◆ DATA SHOWN
■ ■ ■ ■
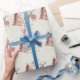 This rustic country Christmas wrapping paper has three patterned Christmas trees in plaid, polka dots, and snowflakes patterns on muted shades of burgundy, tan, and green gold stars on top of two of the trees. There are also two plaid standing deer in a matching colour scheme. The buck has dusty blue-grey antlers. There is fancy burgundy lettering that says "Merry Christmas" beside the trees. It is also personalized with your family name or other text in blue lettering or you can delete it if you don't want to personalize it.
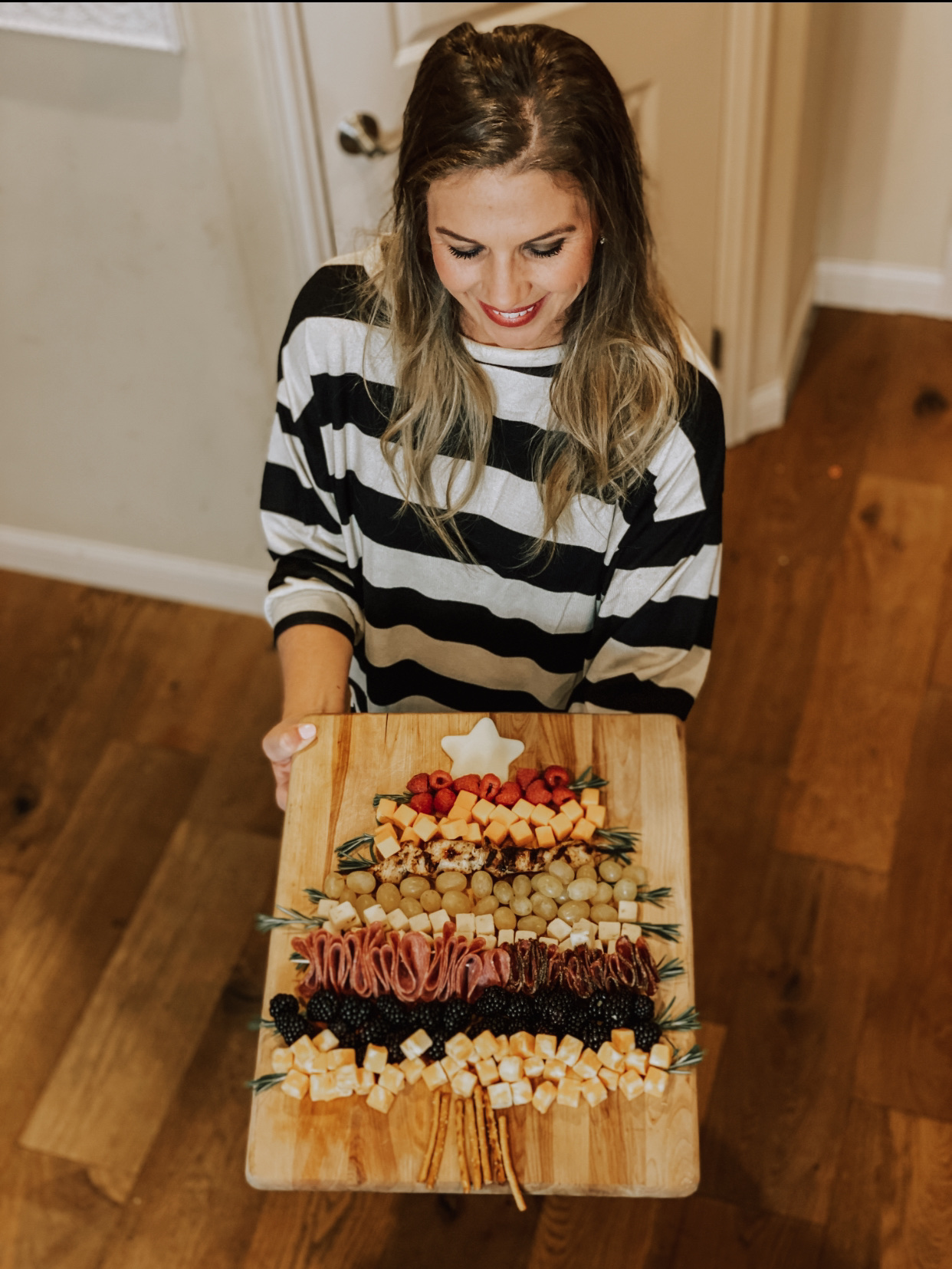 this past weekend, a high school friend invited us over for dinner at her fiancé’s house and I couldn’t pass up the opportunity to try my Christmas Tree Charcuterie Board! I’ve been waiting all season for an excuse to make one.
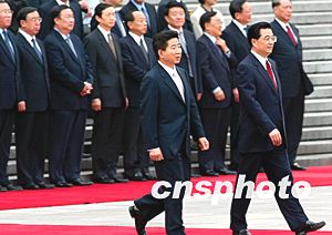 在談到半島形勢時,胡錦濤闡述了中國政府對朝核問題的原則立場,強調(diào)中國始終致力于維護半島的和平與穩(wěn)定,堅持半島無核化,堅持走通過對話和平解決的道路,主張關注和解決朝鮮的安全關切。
■ ■ ■ ■
◆ WORK ITEM
Omit the pictures. Repeat the rest of the data exactly.

◆ EXERCISE OUTPUT
 This rustic country Christmas wrapping paper has three patterned Christmas trees in plaid, polka dots, and snowflakes patterns on muted shades of burgundy, tan, and green gold stars on top of two of the trees. There are also two plaid standing deer in a matching colour scheme. The buck has dusty blue-grey antlers. There is fancy burgundy lettering that says "Merry Christmas" beside the trees. It is also personalized with your family name or other text in blue lettering or you can delete it if you don't want to personalize it.
 this past weekend, a high school friend invited us over for dinner at her fiancé’s house and I couldn’t pass up the opportunity to try my Christmas Tree Charcuterie Board! I’ve been waiting all season for an excuse to make one.
 在談到半島形勢時,胡錦濤闡述了中國政府對朝核問題的原則立場,強調(diào)中國始終致力于維護半島的和平與穩(wěn)定,堅持半島無核化,堅持走通過對話和平解決的道路,主張關注和解決朝鮮的安全關切。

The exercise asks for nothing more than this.